PCC Exploratory Methods: Extracting Competing Genealogies

Description

A single table of variant locations can sometimes reflect different competing genealogies, due to contamination, either for a single manuscript, or for the whole tradition. PCC.equipollent identifies the variant locations without internal conflicts, and allows to create separate databases for each internally consistent configuration.

Usage

PCC.equipollent(x, ask = TRUE, scope = NULL, wits = NULL, verbose = FALSE)

Arguments

x

A PCC.conflicts object.

ask

logical; if FALSE, decisions will be made without asking the user for input. Default: TRUE. With FALSE, it is mandatory to specify scope and wits.

scope

should the inconsistent variant locations be neutralised for the whole tradition ("T") or only some witnesses ("W")? Use only with ask = FALSE.

wits

a vector containing the names of the witnesses for which inconsistent variant locations should be neutralised. Use only with ask = FALSE and scope = 'W'.

verbose

logical; if FALSE, the function will only return the results, without information on the operations. Default: FALSE.

Details

Some over-conflicting variant locations can be algorithmically ruled out for the building of a stemma (see PCC.conflicts, PCC.overconflicting and PCC.elimination). Yet, in some cases, choosing between conflicting variables is algorithmically undecidable. This might be due sometimes to contamination (see PCC.contam). PCC.equipollent helps addressing such cases. It tries to assess, first, the sets of variant locations that are internally consistent (no conflict among themselves), and then, creates as many different databases as sets were found. In creating these new databases, the variant location that have conflicting information with the current set are either fully neutralised (scope = "T") or neutralised only for some witnesses (scope = "W").

Value

An object of class pccEquipollent, a list containing

databases

a list with all alternative databases that have been created, if any

notInConflict

a list with the set(s) of VL without internal conflicts

Warning

This function is still experimental, and will work optimally only for simple cases, where competing genealogies can be easily identified.

Author(s)

Jean-Baptiste Camps & Florian Cafiero

References

Camps, Jean-Baptiste, and Florian Cafiero. ‘Stemmatology: An R Package for the Computer-Assisted Analysis of Textual Traditions’. Proceedings of the Second Workshop on Corpus-Based Research in the Humanities (CRH-2), edited by Andrew U. Frank et al., 2018, pp. 65–74, https://halshs.archives-ouvertes.fr/hal-01695903v1.

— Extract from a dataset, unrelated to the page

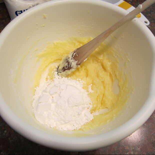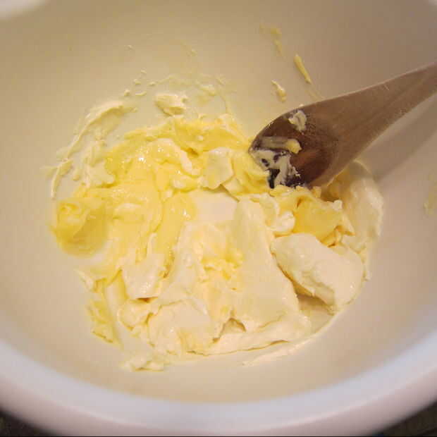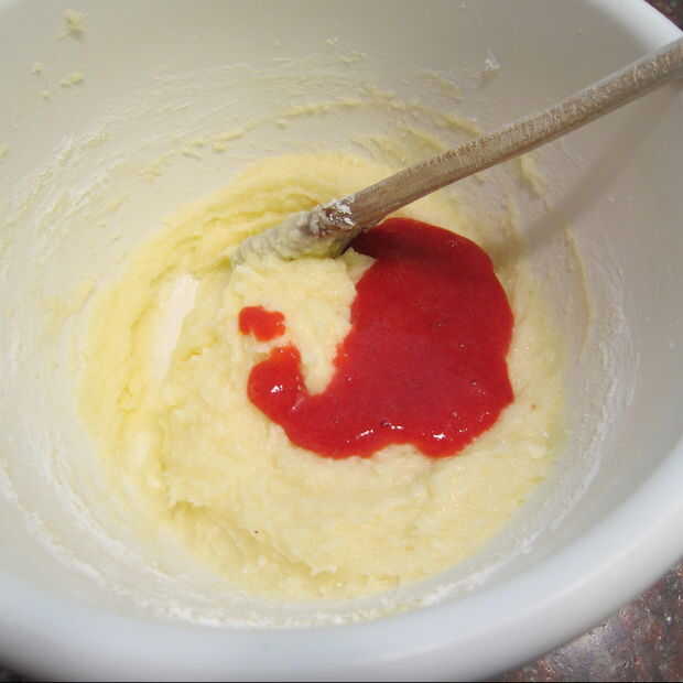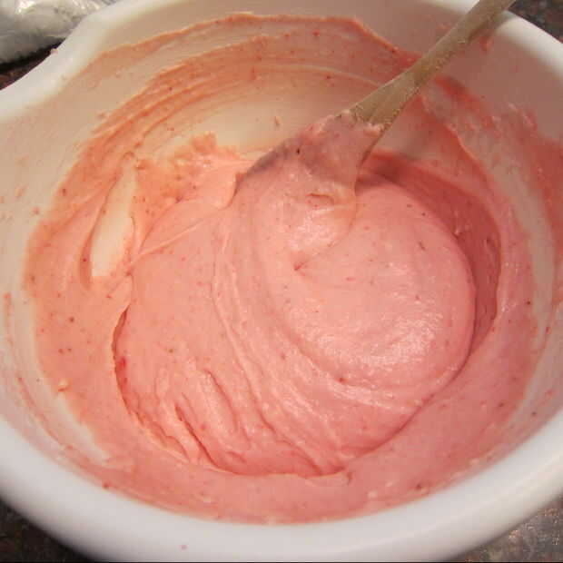 En un tazón mediano mezclar la manteca y crema de queso bien. Agregar el puré de fresas y revolver. Agregar azúcar en polvo (1/2 taza por vez) hasta que la mezcla es lo suficientemente gruesa como para mantener su forma.

Camps, Jean-Baptiste. ‘Detecting Contaminations in Textual Traditions Computer Assisted and Traditional Methods’. Leeds, International Medieval Congress, 2013, unpublished paper, https://www.academia.edu/3825633/Detecting_Contaminations_in_Textual_Traditions_Computer_Assisted_and_Traditional_Methods.

Camps, Jean-Baptiste, and Florian Cafiero. ‘Genealogical Variant Locations and Simplified Stemma: A Test Case’. Analysis of Ancient and Medieval Texts and Manuscripts: Digital Approaches, edited by Tara Andrews and Caroline Macé, Brepols, 2015, pp. 69–93, https://halshs.archives-ouvertes.fr/halshs-01435633, DOI: 10.1484/M.LECTIO-EB.5.102565.

See Also

PCC.Exploratory, PCC.conflicts, PCC.overconflicting, PCC.elimination, PCC.contam.

Examples

# load data
data("fournival")

# look for conflicts
y = PCC.conflicts(fournival)
# identify and eliminate overconflicting VL
y = PCC.overconflicting(y, ask = FALSE, threshold = 0.06)
y = PCC.elimination(y)
# look for further conflicts
y = PCC.conflicts(y)


# and now, create configurations for competing genealogies
# for instance, for one witness
newDB = PCC.equipollent(y, ask = FALSE, scope = "W", wits = "D")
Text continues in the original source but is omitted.